Sakana AI has launched Fugu, a multi-agent orchestration system presented through a single, OpenAI-compatible API endpoint. Rather than acting as one monolithic foundation model, Fugu coordinates a swappable pool of specialized models: it decomposes requests, assigns roles to different agents, verifies intermediate work, and synthesizes a final response. Sakana positions this “orchestration model” approach as a way to improve reliability and cost-performance by routing different subtasks to different models and reserving more expensive reasoning paths for harder parts of a workflow.

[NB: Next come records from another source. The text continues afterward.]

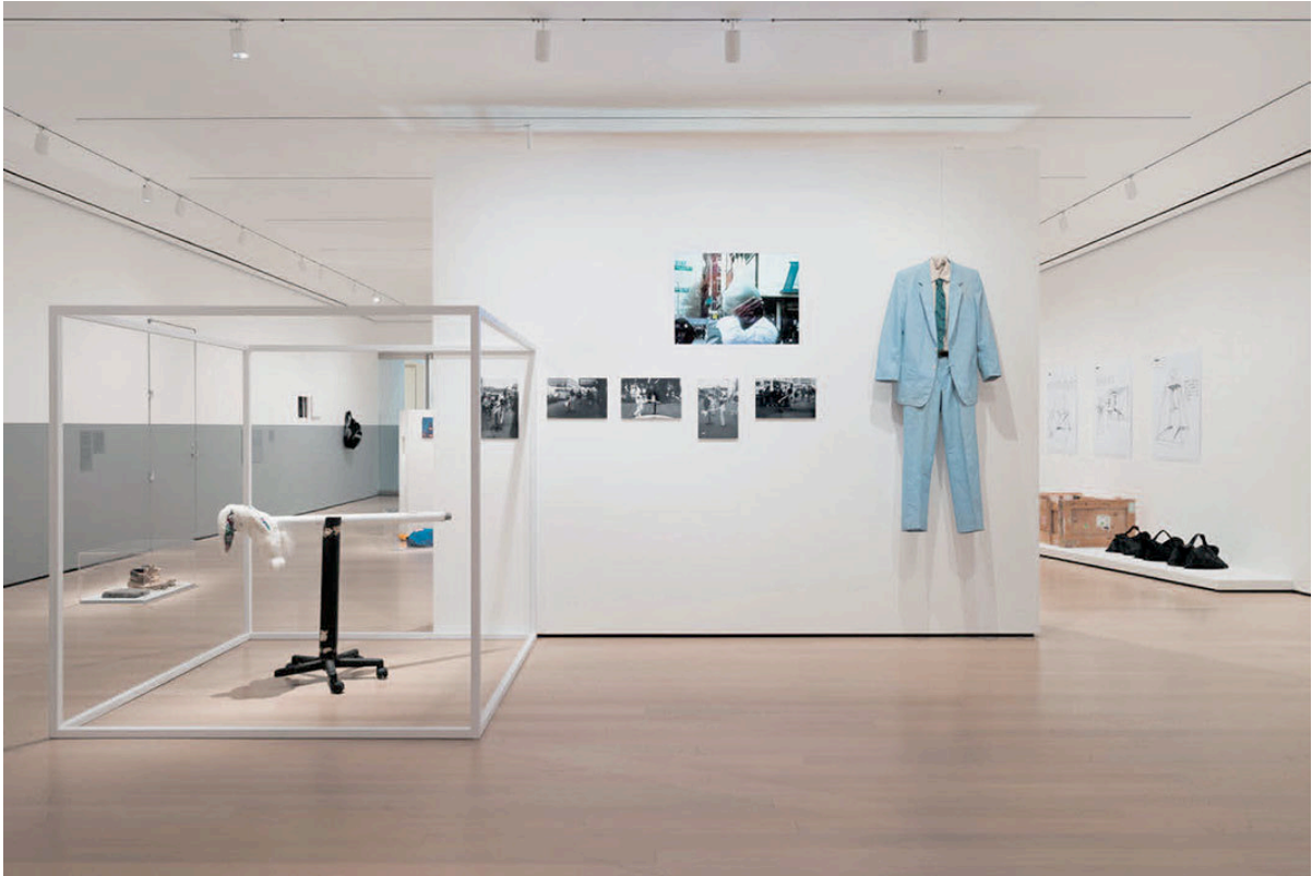
View of “member: Pope.L, 1978–2001,” 2019–20, Museum of Modern Art, New York. Center: Member a.k.a. Schlong Journey, 1996.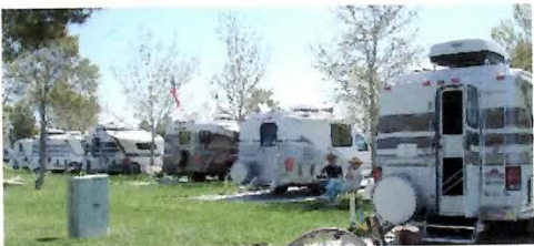
Chinook RV Club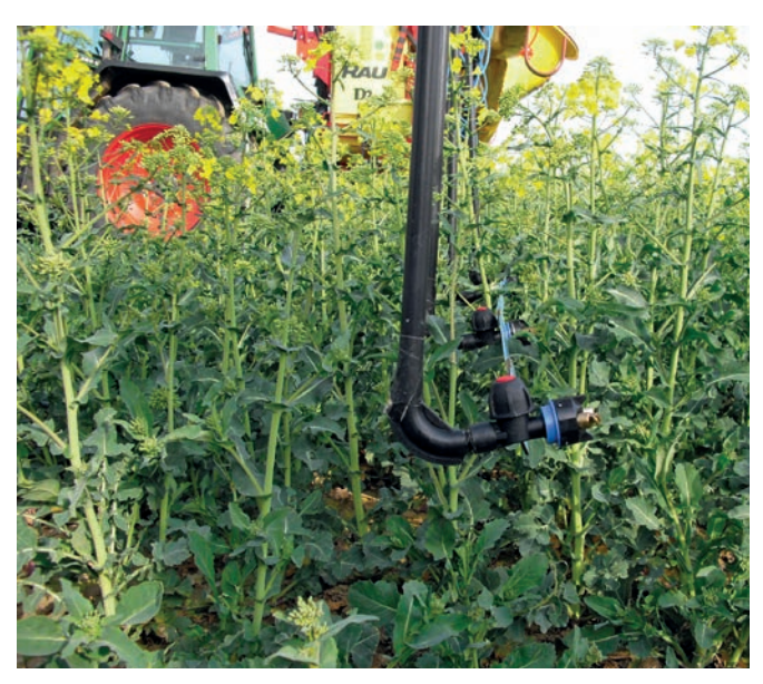
The 'Dropleg' application technology minimizes pollinators' exposure to pesticides when foraging on blossoms and reduces drift losses.

Given the close links between agriculture and pollination and the threats that certain agricultural practices pose to pollinators, there is a clear rationale for focusing pollinator protection and restoration efforts on agricultural land.<sup>21</sup> Indeed, some of the projects under the Sustainable Agriculture pillar look to optimize bee protection and crop protection at the same time, through innovative application technologies that reduce the exposure of bees and other pollinators to crop protection products.

Sakana describes Fugu as grounded in two research papers, TRINITY and Conductor, which it says underpin learned coordination strategies for roles such as thinker, worker, and verifier. The company offers two variants: Fugu for lower-latency everyday use and Fugu Ultra for more complex, high-stakes, multi-step tasks such as research and security analysis, using a deeper agent pool.

Sakana reports benchmark performance on coding, reasoning, and agentic evaluations and says routing details are proprietary. Enterprise controls include options to exclude specific models or providers and a mechanism to manage training-data usage. Availability is currently limited in the EU/EEA, and pricing is offered via subscriptions and pay-as-you-go plans, with pay-as-you-go billing tied to the highest-tier underlying model involved for Fugu and fixed per-token pricing for Fugu Ultra.